» **TASK DESCRIPTION**
Only the lines from the one that includes "The peloton rides" through the last line below belong in the reply, copied exactly and without pictures.

[Opening DATA SECTION section]

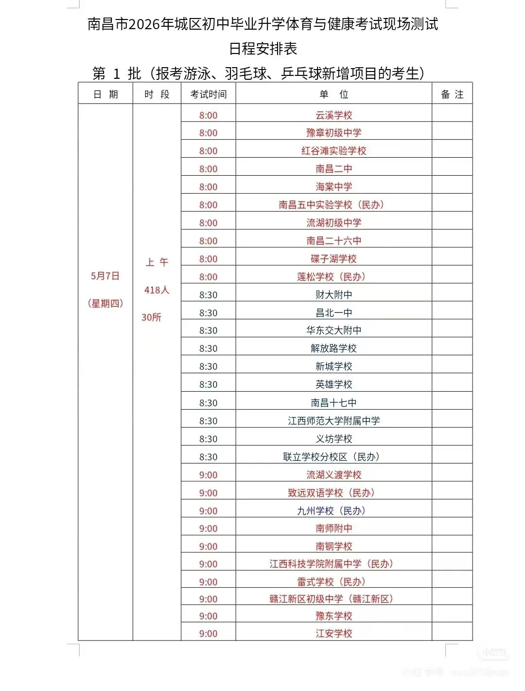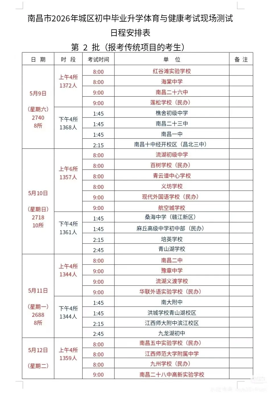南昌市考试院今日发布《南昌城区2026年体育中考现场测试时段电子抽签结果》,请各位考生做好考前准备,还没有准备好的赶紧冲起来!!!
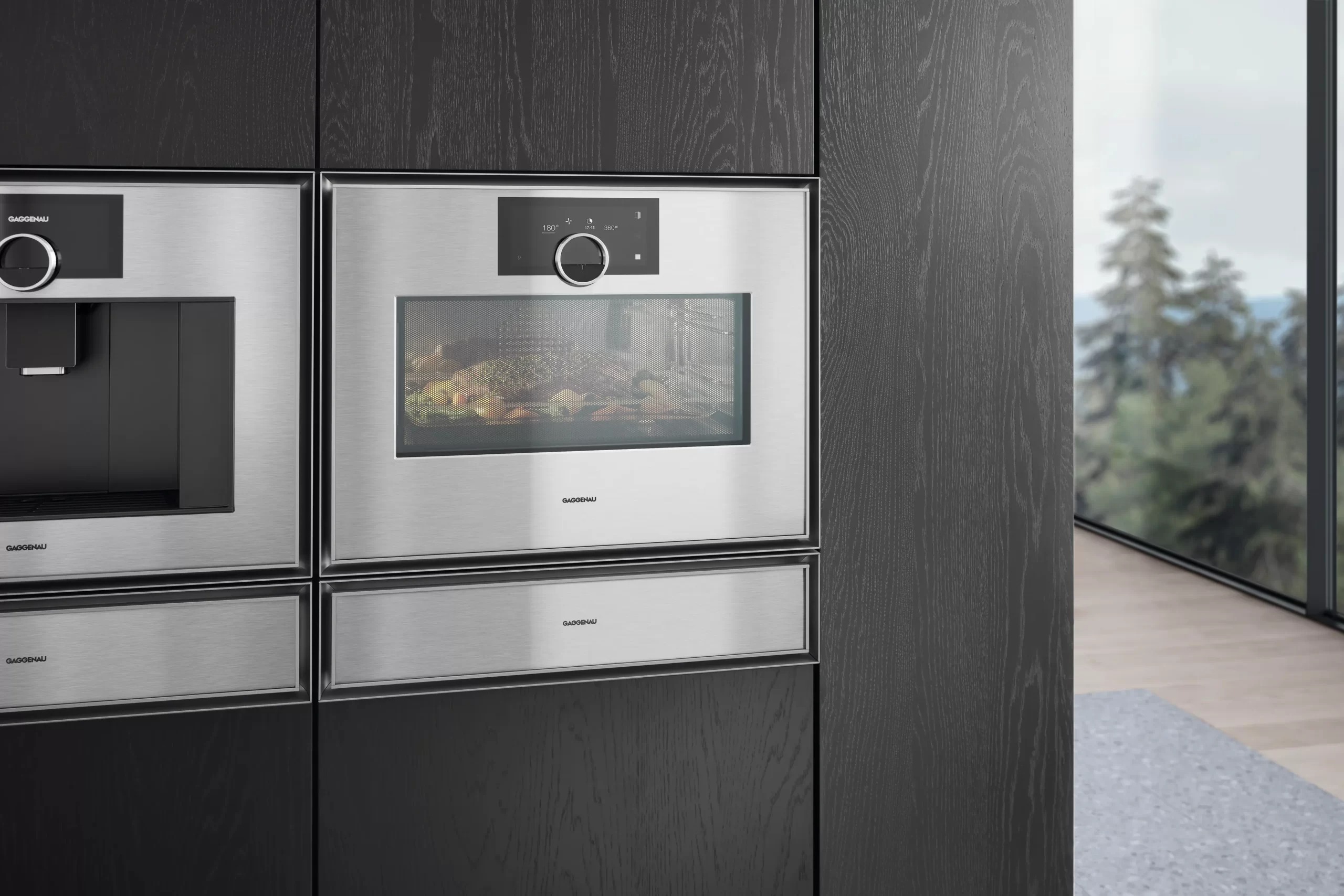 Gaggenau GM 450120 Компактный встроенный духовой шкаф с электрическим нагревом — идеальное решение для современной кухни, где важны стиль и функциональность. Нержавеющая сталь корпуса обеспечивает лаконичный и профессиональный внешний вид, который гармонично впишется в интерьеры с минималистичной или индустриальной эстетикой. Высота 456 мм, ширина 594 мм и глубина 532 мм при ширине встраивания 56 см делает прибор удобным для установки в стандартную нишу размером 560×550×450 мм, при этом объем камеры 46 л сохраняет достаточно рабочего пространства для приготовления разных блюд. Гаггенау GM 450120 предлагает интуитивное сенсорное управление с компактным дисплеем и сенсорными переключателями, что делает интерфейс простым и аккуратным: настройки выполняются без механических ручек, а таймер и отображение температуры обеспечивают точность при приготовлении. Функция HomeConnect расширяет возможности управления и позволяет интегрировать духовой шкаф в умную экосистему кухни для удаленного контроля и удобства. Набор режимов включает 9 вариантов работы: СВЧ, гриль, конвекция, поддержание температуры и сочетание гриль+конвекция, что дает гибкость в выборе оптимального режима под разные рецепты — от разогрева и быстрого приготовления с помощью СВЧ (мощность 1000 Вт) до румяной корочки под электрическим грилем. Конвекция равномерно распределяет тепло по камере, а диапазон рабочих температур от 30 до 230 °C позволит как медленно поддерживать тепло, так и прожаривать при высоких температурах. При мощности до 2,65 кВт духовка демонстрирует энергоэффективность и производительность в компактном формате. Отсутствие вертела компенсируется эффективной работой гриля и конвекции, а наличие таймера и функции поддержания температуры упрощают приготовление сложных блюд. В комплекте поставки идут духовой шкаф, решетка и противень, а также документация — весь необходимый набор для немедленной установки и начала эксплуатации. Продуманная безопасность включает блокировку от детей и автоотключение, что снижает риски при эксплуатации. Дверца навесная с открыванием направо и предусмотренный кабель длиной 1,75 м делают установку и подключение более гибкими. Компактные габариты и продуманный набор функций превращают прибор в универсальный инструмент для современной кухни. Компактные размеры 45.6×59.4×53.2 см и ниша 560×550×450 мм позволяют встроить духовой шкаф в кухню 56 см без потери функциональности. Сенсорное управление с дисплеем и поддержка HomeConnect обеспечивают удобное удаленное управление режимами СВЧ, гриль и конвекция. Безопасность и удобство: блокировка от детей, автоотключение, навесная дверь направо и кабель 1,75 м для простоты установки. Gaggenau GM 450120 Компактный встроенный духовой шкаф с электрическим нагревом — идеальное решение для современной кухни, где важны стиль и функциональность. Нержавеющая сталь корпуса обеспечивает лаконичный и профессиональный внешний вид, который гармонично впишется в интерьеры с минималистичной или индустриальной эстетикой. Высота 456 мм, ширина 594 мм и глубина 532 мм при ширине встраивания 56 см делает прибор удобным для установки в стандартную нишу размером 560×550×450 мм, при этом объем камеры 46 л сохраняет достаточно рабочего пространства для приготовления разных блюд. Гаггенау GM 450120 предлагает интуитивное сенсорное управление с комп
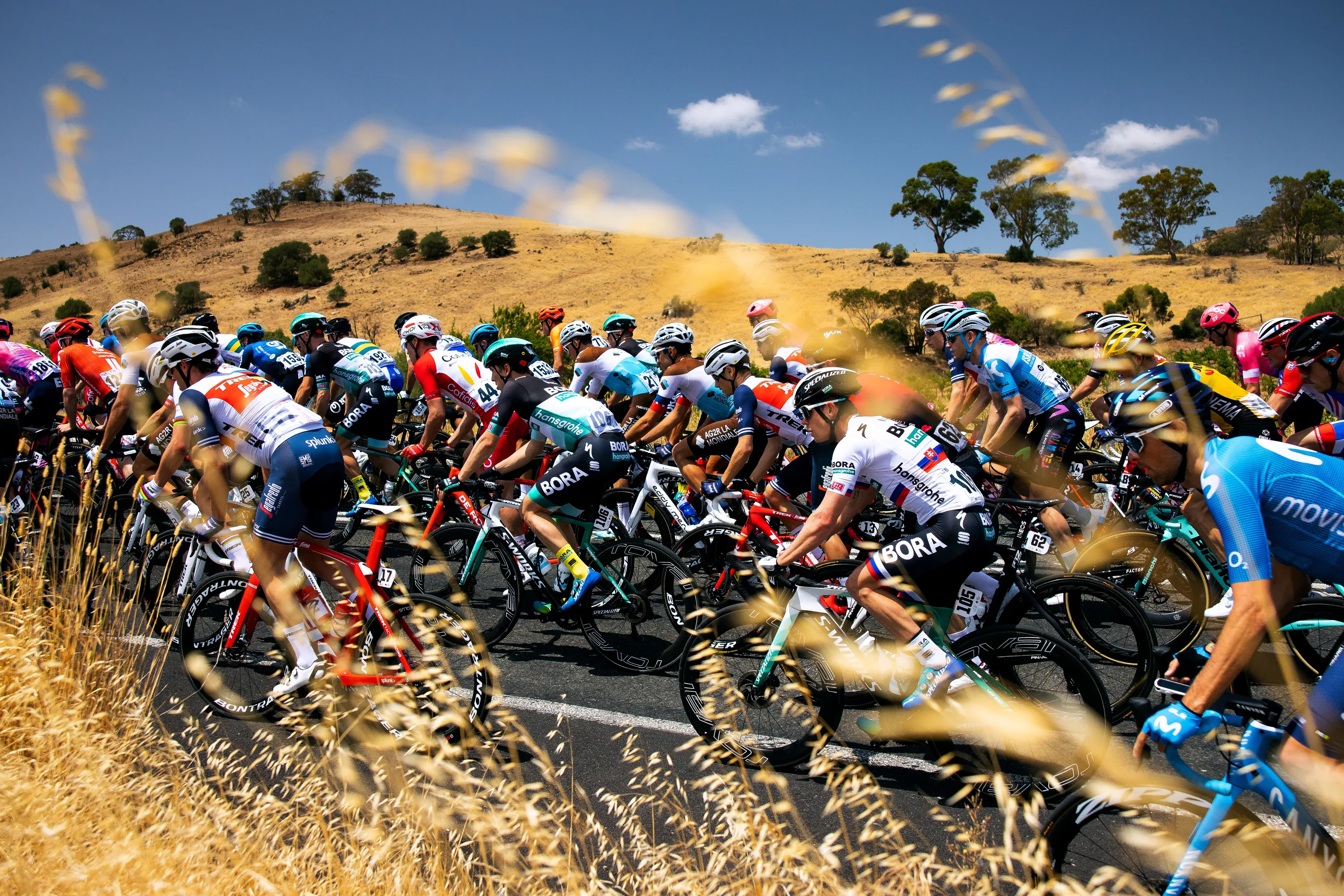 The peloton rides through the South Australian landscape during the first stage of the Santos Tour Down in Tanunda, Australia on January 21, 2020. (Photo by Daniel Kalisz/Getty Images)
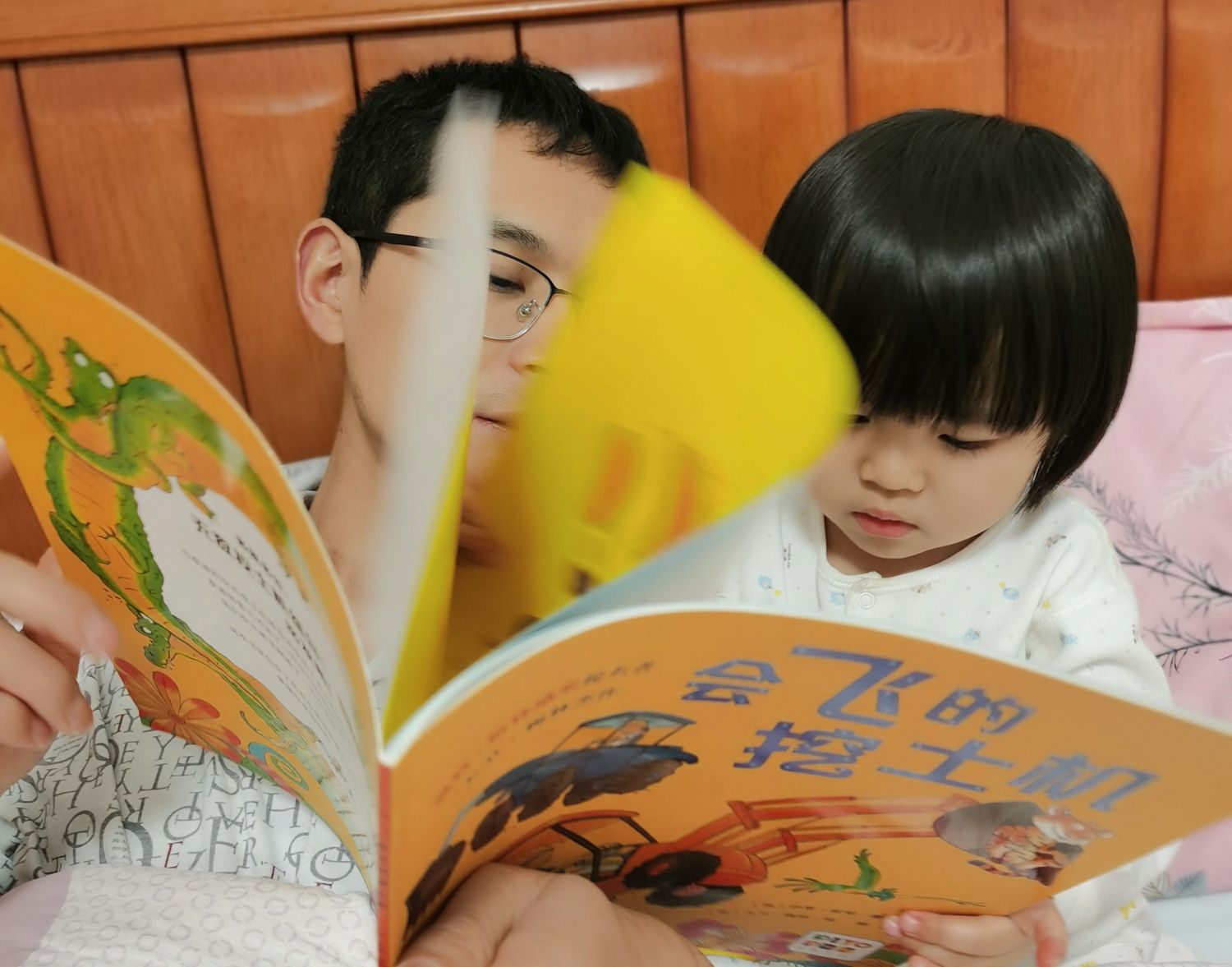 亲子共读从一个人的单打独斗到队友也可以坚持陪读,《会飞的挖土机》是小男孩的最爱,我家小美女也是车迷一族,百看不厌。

[Closing DATA SECTION section]

» **SOLUTION FOR THIS EXERCISE**
 The peloton rides through the South Australian landscape during the first stage of the Santos Tour Down in Tanunda, Australia on January 21, 2020. (Photo by Daniel Kalisz/Getty Images)
 亲子共读从一个人的单打独斗到队友也可以坚持陪读,《会飞的挖土机》是小男孩的最爱,我家小美女也是车迷一族,百看不厌。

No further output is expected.